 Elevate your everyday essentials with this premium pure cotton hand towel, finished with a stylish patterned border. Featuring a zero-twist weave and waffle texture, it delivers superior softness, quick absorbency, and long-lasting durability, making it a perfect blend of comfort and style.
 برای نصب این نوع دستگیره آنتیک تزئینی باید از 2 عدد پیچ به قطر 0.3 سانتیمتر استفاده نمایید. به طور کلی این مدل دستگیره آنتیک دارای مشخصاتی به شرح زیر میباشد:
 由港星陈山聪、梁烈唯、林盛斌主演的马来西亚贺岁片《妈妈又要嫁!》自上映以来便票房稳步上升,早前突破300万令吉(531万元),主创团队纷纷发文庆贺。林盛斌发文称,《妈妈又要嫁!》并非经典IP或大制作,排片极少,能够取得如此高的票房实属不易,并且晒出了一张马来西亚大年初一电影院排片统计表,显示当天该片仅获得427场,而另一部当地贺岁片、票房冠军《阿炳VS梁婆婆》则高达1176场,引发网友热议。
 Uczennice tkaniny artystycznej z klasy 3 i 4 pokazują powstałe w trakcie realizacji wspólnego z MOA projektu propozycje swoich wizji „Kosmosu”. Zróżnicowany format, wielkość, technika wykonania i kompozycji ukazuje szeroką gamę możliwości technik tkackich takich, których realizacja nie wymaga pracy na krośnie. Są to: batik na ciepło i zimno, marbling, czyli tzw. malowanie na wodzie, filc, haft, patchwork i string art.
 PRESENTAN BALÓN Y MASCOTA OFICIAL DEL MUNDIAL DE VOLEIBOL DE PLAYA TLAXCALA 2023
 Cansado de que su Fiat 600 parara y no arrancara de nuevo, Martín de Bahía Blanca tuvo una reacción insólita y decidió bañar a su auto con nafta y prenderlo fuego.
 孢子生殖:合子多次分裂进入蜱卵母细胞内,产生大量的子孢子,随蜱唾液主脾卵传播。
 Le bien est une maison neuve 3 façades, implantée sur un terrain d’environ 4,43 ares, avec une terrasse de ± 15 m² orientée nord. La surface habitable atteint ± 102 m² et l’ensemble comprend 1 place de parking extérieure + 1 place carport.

Directions:
The answer must restate all of the entries exactly.

Exercise response:
 Elevate your everyday essentials with this premium pure cotton hand towel, finished with a stylish patterned border. Featuring a zero-twist weave and waffle texture, it delivers superior softness, quick absorbency, and long-lasting durability, making it a perfect blend of comfort and style.
 برای نصب این نوع دستگیره آنتیک تزئینی باید از 2 عدد پیچ به قطر 0.3 سانتیمتر استفاده نمایید. به طور کلی این مدل دستگیره آنتیک دارای مشخصاتی به شرح زیر میباشد:
 由港星陈山聪、梁烈唯、林盛斌主演的马来西亚贺岁片《妈妈又要嫁!》自上映以来便票房稳步上升,早前突破300万令吉(531万元),主创团队纷纷发文庆贺。林盛斌发文称,《妈妈又要嫁!》并非经典IP或大制作,排片极少,能够取得如此高的票房实属不易,并且晒出了一张马来西亚大年初一电影院排片统计表,显示当天该片仅获得427场,而另一部当地贺岁片、票房冠军《阿炳VS梁婆婆》则高达1176场,引发网友热议。
 Uczennice tkaniny artystycznej z klasy 3 i 4 pokazują powstałe w trakcie realizacji wspólnego z MOA projektu propozycje swoich wizji „Kosmosu”. Zróżnicowany format, wielkość, technika wykonania i kompozycji ukazuje szeroką gamę możliwości technik tkackich takich, których realizacja nie wymaga pracy na krośnie. Są to: batik na ciepło i zimno, marbling, czyli tzw. malowanie na wodzie, filc, haft, patchwork i string art.
 PRESENTAN BALÓN Y MASCOTA OFICIAL DEL MUNDIAL DE VOLEIBOL DE PLAYA TLAXCALA 2023
 Cansado de que su Fiat 600 parara y no arrancara de nuevo, Martín de Bahía Blanca tuvo una reacción insólita y decidió bañar a su auto con nafta y prenderlo fuego.
 孢子生殖:合子多次分裂进入蜱卵母细胞内,产生大量的子孢子,随蜱唾液主脾卵传播。
 Le bien est une maison neuve 3 façades, implantée sur un terrain d’environ 4,43 ares, avec une terrasse de ± 15 m² orientée nord. La surface habitable atteint ± 102 m² et l’ensemble comprend 1 place de parking extérieure + 1 place carport.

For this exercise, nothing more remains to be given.